> Source data
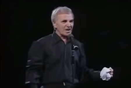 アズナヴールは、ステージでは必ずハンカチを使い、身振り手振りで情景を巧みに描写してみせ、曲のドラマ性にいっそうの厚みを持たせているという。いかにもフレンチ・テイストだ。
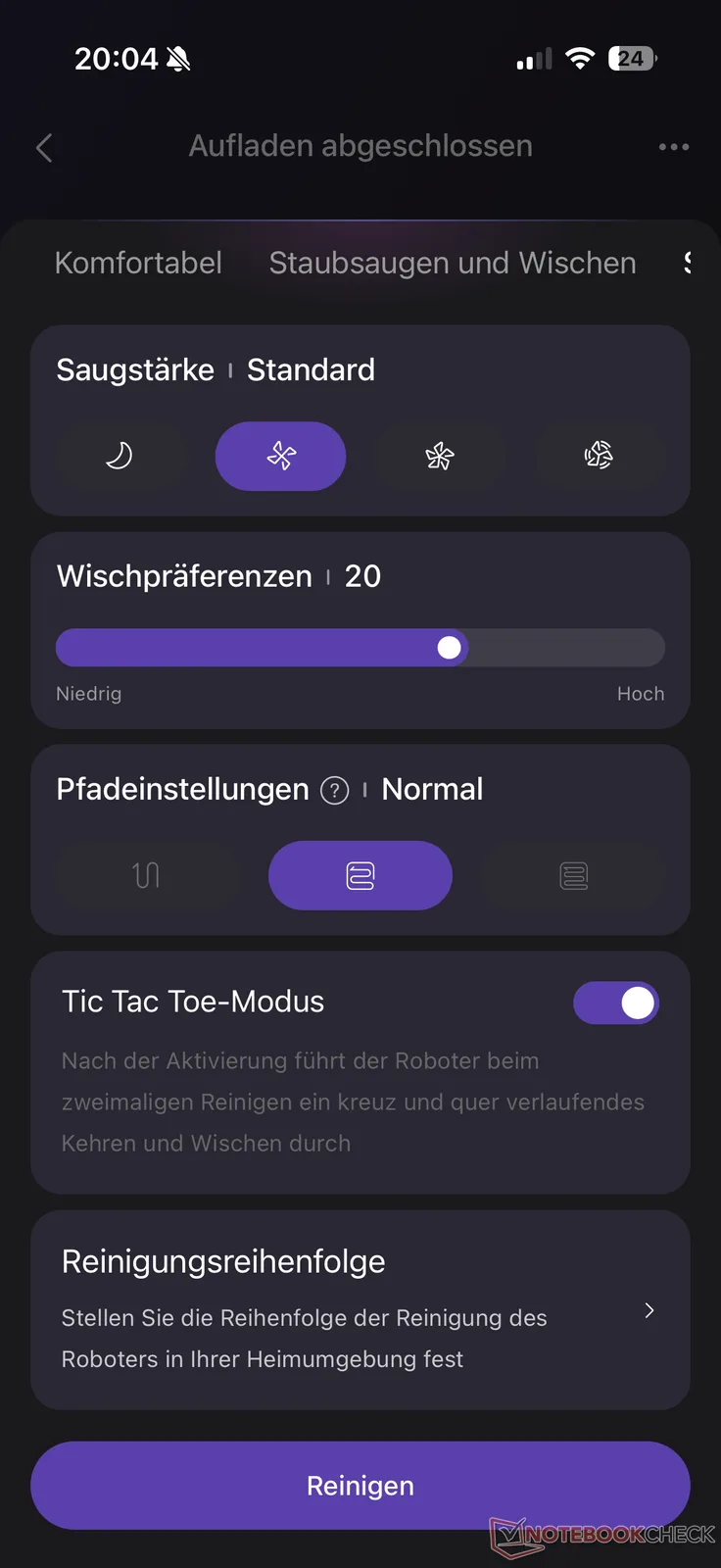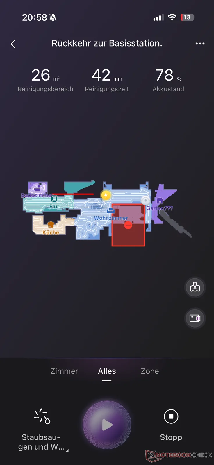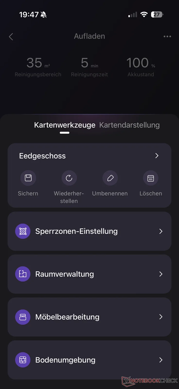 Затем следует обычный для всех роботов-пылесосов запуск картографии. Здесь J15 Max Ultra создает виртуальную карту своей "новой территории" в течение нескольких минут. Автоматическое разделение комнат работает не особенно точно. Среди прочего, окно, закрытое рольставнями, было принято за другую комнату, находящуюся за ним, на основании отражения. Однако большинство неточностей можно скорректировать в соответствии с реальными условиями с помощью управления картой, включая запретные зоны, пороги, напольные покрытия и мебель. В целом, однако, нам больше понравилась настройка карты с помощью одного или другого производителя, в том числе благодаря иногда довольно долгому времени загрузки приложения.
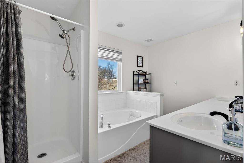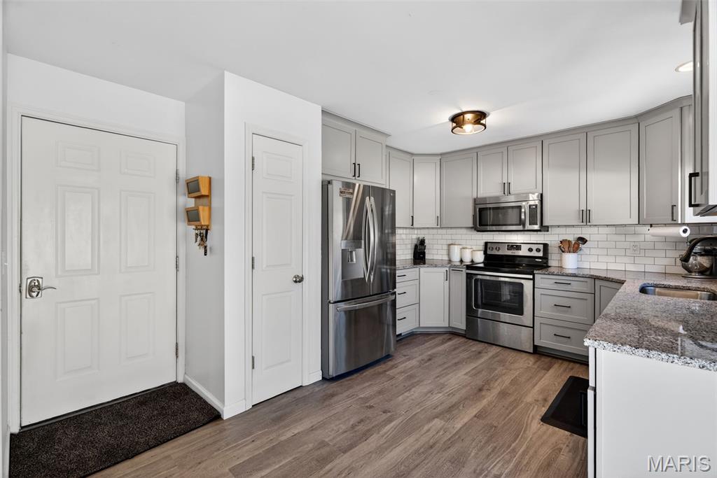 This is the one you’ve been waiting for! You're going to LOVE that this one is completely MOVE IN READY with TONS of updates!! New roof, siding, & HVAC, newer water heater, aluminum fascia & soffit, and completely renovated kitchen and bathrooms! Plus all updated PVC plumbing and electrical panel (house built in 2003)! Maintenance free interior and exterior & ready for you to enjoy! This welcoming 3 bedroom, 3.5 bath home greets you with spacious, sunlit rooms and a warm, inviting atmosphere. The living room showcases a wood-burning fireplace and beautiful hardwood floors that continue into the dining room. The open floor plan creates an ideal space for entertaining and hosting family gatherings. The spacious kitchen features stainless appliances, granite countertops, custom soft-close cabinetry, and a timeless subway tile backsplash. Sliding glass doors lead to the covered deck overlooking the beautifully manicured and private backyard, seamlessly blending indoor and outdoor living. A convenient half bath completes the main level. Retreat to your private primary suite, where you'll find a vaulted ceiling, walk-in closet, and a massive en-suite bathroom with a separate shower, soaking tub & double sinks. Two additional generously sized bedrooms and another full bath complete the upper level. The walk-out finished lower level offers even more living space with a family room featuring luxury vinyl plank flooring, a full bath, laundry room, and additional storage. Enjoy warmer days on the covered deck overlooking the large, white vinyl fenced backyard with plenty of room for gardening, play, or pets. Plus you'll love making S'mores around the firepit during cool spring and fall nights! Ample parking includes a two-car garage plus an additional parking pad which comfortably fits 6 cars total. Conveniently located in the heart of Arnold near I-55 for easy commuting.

==

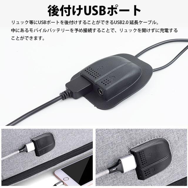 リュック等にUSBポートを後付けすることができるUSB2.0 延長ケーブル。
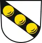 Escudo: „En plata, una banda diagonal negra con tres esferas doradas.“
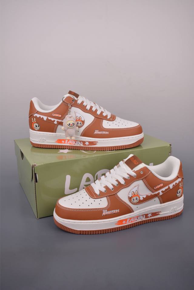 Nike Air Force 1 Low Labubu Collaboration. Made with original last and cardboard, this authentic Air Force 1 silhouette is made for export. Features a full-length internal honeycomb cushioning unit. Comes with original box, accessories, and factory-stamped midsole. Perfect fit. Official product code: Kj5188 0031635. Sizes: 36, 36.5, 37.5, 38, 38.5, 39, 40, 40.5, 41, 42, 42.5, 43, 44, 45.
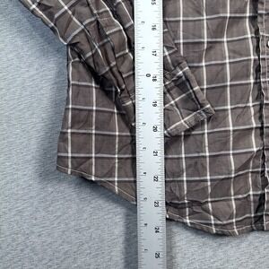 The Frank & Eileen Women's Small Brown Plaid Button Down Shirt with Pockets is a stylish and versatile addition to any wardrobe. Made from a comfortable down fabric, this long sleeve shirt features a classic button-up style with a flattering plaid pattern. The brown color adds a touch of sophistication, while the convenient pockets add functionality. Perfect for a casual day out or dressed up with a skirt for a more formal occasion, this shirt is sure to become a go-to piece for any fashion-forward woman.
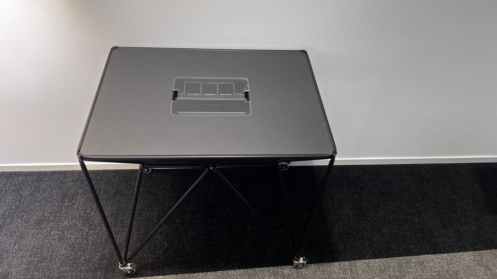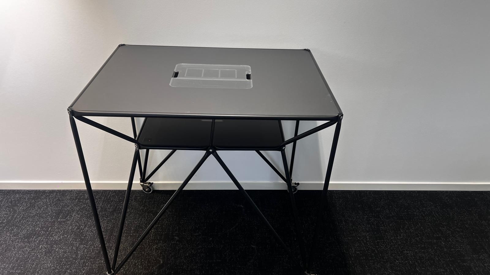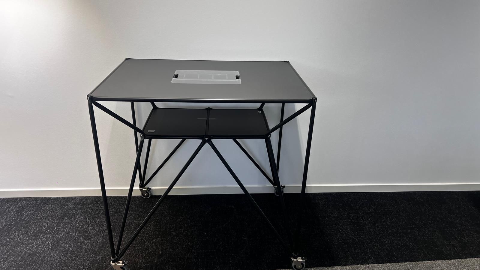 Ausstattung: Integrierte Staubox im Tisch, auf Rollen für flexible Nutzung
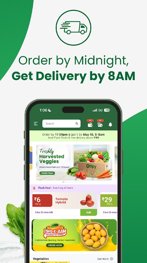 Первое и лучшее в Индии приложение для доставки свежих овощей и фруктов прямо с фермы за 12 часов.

> Assignment
Within the listing above, the lines from the one with "Ausstattung: Integrierte Staubox" through the one with "Первое и лучшее" are to be given again word for word. Do not include pictures.

> Answer to the exercise
 Ausstattung: Integrierte Staubox im Tisch, auf Rollen für flexible Nutzung
 Первое и лучшее в Индии приложение для доставки свежих овощей и фруктов прямо с фермы за 12 часов.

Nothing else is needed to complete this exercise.